They reach the house.
Dionysus:
Get down you, you little shit!  We are here!

Xanthias gets down from the donkey. He was obviously the second half of the animal and so when he “gets down” the animal’s bum falls to the ground and as it does so, it lets out a fart, more like the sound of a balloon let down.

Dionysus:
Phew! All that walking!  Here’s the first door I need to knock.
(Knocks at the door and yells:)
Hey, boy!
(No response, knocks again this time louder)
Boy!
(He turns around to the audience in frustration, then knocks at the door again)
Oi!  Boy!
(Lifts his club and is about to knock on the door with it when Heracles’  voice is heard from within)

Heracles:
Who’s banging at my door?  Charging at it like a centaur!

Dionysus lifts his club again and is about to bring it down onto the door but just then Heracles’  massive body fills the door’s frame and he grabs the club mid-air with one hand.

Heracles:
(Sees the group of wanderers and bursts into laughter) Hahahaha!  What… by Hades, what have we got here?  Hahahahaha!

Dionysus:(aside to Xanthias)
Boy!

Xanthias:
Yes boss?

Dionysus:
See that?

40
Xanthias:
See what, boss?

Dionysus:
How shit-scared he was of me!  Shit-scared!  For I am Dionysus!

Xanthias:(sarcastically)
Ohhhhhhh Yes, Master!  By Zeus!
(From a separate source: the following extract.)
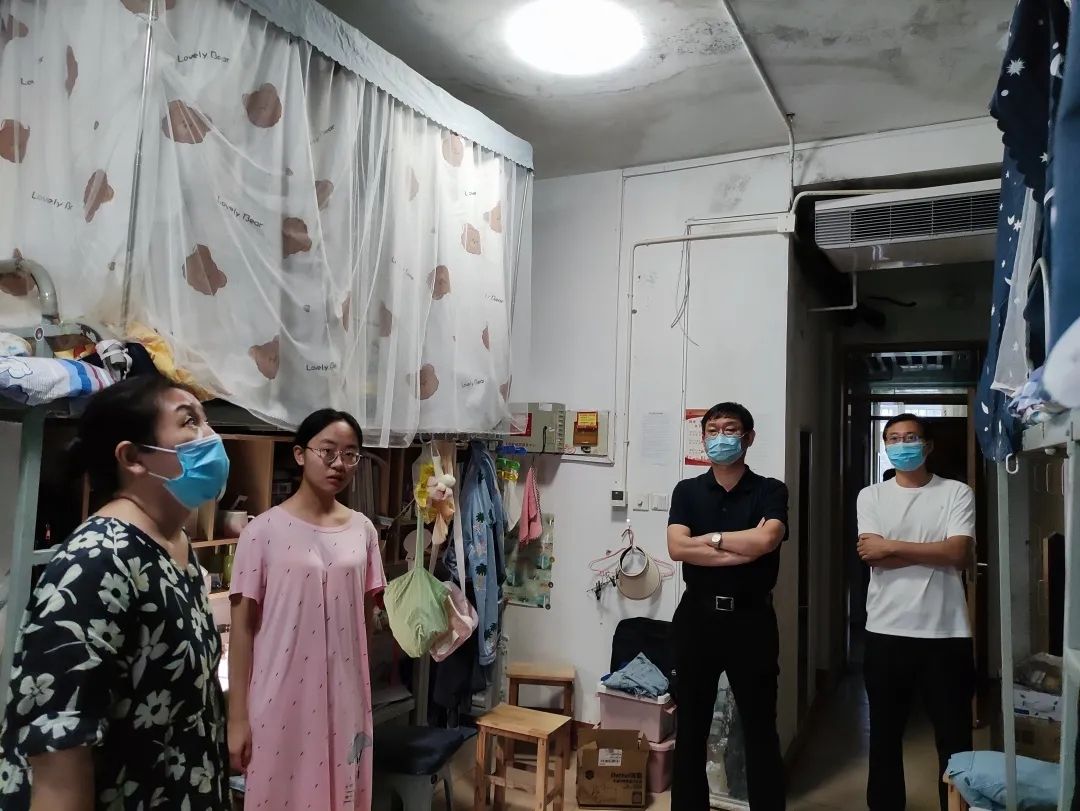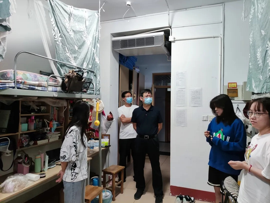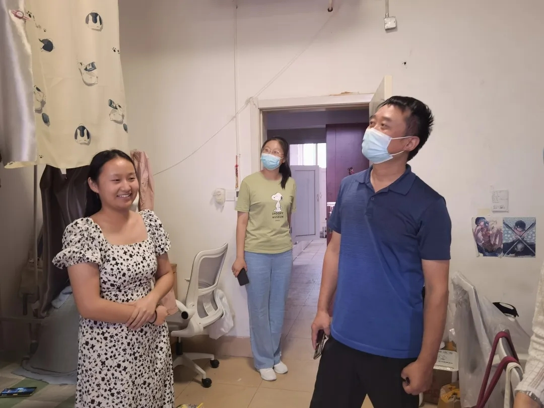 在宿舍内,老师们详细查看了同学们的宿舍状况,用水用电、消防安全等;核对同学们返校核酸检测情况,叮嘱大家一定要积极配合疫情防控;询问大家返校后遇到的困难以及为新学期所做的准备,就同学们对新学期的期待与同学们深入讨论。老师们强调,新的学期,大家应为自己立好目标,做好准备,努力学习的同时保持宿舍整洁。老师们表示,宿舍是大家共同的家,也是赋予大家安全感的地方,每个人都有责任去爱护它、保护它。良好的宿舍生活环境使人心情愉悦,有利于在校大学生的生活及心理健康。老师们鼓励大家新学期要积极主动,认真学习。老师们要求,当前本土新冠病例激增,疫情防控处于紧要关头,作为新时代的大学生要有责任心,尽自己所能为社会做出贡献,做到出门戴口罩,勤洗手、不扎堆、不聚集,严格遵守学校各项防疫规定,坚持非必要不外出,坚持生活区-教学区“两点一线”;要加强锻炼,对疫情防控保持乐观,保持身心健康。

He sure was!  Shit-scared that you’ve lost your marbles!

Heracles:(Still laughing heartily)
By Demeter!  Hahahaha!  I bite my lips but I still can’t stop laughing!  Hahahahaha!
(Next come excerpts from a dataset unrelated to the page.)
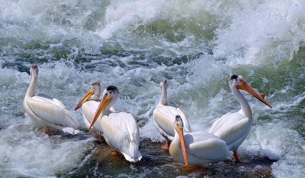Wallpaper Pelicans among the waves
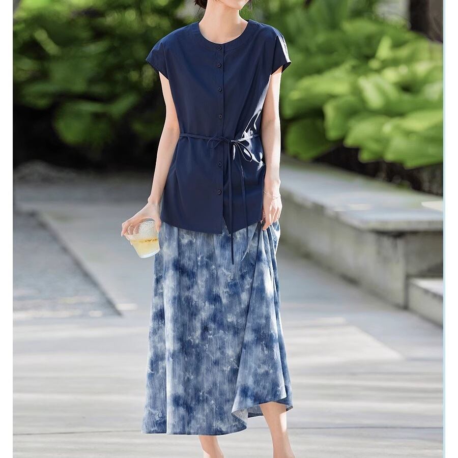 初回送料無料 夏作エレガントシャツ上着 半身スカート 2点セット レディースファッション人気
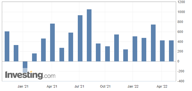 另外,劳工部发布的截至5月28日的一周,初请失业金人数为20万人;经过调整该数据的4周移动平均值为20.65万人,较前一周经修正的平均值减少了500人。
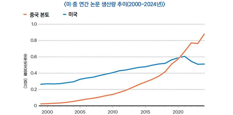 * 이는 중국의 자국 중심 연구 강화와 함께, 미국의 연구비 삭감, 외국인 유학생 관리 강화, 기초 연구 협력 위축 등 정책 요인이 복합적으로 작용한 결과로 평가됨

Dionysus:(Getting impatient with Heracles now.)
Heracles, my good man, come here.
(Heracles, still laughing, shows reluctance)
Come, please, I beg you, a word, please.

Heracles: (Tries to stop laughing but just can’t do it)
Hahahaha!  Shooh laughter, shooh! Hahahaha!  Shooh!  Go away now!  Hahahaha!
(Looks at Dionysus’ clothes. Touches them in disbelief)
What a sight! Lion skin and lady boots.  Talk about “fashion victim!”  In what part of Earth is this combination a fashion?  Where are you coming from Dionysus, my little brother?

Dionysus:
I was riding Athens’ darling little boat, you know, the one called Kleisthenes!

Heracles:
Kleisthenes, the little toy boy?  And… did you… get to use your oar?

50
Dionysus:
Sure did! A dozen or so… thirteen maybe…

Heracles: (indicating Xanthias, as well)
What, you two together?  On Kleisthenes?

Dionysus:
Yup!  Ask Apollo!

Xanthias: (Aside, chuckling.)
And then I got horny… ehhh, I mean woke up!

Dionysus:
Anyway, there I was, lying flat on my back, reading a lovely play, you know, “Andromeda” when suddenly… suddenly (getting excited -shown by the erection of his phallus) I got this huuuuge, painful yearning.  Slammed itself deep into my heart! (Erection slapping his chest) Wow!  Was that a hard slam!

Heracles:
A yearning, ey?  A big one was it?

Dionysus:
Yeah, as big as… Shortie…  Molon!
(Indicates that Molon is a huge man)

Heracles:
For what, a woman?

Dionysus:
Nup!

Heracles:
A boy?

Dionysus:
Nup!

Heracles:
A man?

Dionysus:
Nup!

Heracles:
Hang on! Did you really fuck with Kleisthenes, or not?

Dionysus:
Please, big brother. Stop adding insult to my injury.  I’ve got it real bad!  It was a hard slam, that one.  Straight into my heart.  It’s a serious business when one cops something like that… straight into his precious heart!

Heracles:
The yearning?  Well what was it for, little brother?

60
Dionysus:(Finds difficulty in expressing himself)
I… I… I haven’t got the words for it… I’ll give it to you sideways… Have you ever longed for fasoulada?
Donkey farts loudly.  Then Xanthias farts.

Heracles:
Bean stew? Oh suuuure! My whole life is one huge longing for bean stew!  Millions and zillions of times!

Dionysus:
Have I made it clear for you?  I mean, have I made it quite clear to you just how big this longing is? Or do you want me to give it to you straight up?

65
Heracles:
Absolutely not.  Bean stew is very clear to me!  I understand it totally!  Love it!  Yearn for it all the time.  Fasoulada, yum, yum!

Dionysus:
Well, that’s it!  That’s exactly the sort of longing and passion I suddenly got, and it was for… Euripides!

Heracles:
But he’s carked it!  Dead! Deceased! No longer upon our world!  He’s down there!  Down below! Passed down!

Dionysus:
I know, I know, but I must go!  I must go after him!  Down below and no one, not even you can stop me, big brother!

Heracles:
But… where?  He’s down with Hades, I tell you!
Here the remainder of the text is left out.